(Source data)
※ ※ ※

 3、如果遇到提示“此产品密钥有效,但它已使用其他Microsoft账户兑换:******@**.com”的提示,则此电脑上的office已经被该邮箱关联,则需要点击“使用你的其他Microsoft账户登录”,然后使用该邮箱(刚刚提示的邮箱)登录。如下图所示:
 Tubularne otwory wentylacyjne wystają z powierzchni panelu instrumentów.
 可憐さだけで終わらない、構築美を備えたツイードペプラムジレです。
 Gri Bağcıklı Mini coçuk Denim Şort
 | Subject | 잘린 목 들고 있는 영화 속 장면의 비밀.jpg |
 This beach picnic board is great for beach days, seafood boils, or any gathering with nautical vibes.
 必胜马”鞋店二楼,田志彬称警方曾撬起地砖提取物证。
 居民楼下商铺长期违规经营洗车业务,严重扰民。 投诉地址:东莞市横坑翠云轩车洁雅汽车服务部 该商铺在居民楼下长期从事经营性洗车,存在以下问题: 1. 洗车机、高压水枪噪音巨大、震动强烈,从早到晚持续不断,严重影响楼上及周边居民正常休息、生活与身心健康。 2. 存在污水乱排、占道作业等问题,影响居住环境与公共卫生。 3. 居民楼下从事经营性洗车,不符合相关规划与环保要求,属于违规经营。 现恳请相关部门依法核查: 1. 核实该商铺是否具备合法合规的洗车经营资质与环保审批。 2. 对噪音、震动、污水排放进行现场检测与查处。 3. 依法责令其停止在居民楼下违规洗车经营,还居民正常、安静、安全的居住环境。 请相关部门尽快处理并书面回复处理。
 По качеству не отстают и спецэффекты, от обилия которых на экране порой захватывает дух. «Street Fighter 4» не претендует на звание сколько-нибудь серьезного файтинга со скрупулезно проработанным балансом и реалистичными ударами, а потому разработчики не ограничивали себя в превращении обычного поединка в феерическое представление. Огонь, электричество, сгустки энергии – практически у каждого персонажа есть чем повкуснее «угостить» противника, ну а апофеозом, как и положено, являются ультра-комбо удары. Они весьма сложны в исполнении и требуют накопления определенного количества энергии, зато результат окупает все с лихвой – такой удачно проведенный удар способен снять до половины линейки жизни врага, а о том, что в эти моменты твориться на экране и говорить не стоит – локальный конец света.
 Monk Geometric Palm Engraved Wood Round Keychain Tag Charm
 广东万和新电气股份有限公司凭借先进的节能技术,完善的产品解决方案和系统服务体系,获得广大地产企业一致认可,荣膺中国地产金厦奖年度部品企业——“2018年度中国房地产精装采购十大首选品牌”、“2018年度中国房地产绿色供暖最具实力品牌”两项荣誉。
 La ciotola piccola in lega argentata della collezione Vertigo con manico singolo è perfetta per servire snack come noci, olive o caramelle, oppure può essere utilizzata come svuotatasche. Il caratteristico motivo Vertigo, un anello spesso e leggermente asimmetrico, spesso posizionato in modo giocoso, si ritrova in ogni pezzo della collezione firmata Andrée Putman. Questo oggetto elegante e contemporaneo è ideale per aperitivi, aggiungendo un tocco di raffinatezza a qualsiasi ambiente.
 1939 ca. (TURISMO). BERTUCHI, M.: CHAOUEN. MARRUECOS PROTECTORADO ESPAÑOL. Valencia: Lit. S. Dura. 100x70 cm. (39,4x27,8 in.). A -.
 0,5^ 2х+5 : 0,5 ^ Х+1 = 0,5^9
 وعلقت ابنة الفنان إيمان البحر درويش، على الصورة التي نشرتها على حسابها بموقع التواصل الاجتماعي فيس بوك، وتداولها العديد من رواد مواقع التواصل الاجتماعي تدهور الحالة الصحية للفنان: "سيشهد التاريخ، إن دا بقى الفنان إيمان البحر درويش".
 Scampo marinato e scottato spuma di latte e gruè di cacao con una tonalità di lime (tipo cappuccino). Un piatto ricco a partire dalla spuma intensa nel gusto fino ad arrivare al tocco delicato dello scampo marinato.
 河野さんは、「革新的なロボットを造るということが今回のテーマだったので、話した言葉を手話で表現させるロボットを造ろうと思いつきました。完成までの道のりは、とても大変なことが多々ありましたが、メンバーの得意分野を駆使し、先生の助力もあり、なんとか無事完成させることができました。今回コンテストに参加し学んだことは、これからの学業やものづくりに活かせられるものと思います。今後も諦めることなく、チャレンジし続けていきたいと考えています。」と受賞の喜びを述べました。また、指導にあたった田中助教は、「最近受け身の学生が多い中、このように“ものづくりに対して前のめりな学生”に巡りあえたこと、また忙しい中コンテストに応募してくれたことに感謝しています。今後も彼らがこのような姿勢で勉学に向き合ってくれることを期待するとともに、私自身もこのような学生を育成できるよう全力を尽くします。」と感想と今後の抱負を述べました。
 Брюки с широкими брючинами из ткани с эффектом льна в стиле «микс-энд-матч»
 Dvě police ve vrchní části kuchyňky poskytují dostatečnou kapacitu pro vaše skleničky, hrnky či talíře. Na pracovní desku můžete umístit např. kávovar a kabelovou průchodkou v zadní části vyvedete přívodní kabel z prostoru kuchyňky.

※ ※ ※

_WHAT THE EXERCISE ASKS_: Above are the records; from them, give again exactly the lines from the one containing "0,5^ 2х+5 : 0,5 ^ Х+1 = 0,5^9" through the one containing "河野さんは、「革新的なロボッ", both included.

_OUTPUT FOR THIS TASK_:
 0,5^ 2х+5 : 0,5 ^ Х+1 = 0,5^9
 وعلقت ابنة الفنان إيمان البحر درويش، على الصورة التي نشرتها على حسابها بموقع التواصل الاجتماعي فيس بوك، وتداولها العديد من رواد مواقع التواصل الاجتماعي تدهور الحالة الصحية للفنان: "سيشهد التاريخ، إن دا بقى الفنان إيمان البحر درويش".
 Scampo marinato e scottato spuma di latte e gruè di cacao con una tonalità di lime (tipo cappuccino). Un piatto ricco a partire dalla spuma intensa nel gusto fino ad arrivare al tocco delicato dello scampo marinato.
 河野さんは、「革新的なロボットを造るということが今回のテーマだったので、話した言葉を手話で表現させるロボットを造ろうと思いつきました。完成までの道のりは、とても大変なことが多々ありましたが、メンバーの得意分野を駆使し、先生の助力もあり、なんとか無事完成させることができました。今回コンテストに参加し学んだことは、これからの学業やものづくりに活かせられるものと思います。今後も諦めることなく、チャレンジし続けていきたいと考えています。」と受賞の喜びを述べました。また、指導にあたった田中助教は、「最近受け身の学生が多い中、このように“ものづくりに対して前のめりな学生”に巡りあえたこと、また忙しい中コンテストに応募してくれたことに感謝しています。今後も彼らがこのような姿勢で勉学に向き合ってくれることを期待するとともに、私自身もこのような学生を育成できるよう全力を尽くします。」と感想と今後の抱負を述べました。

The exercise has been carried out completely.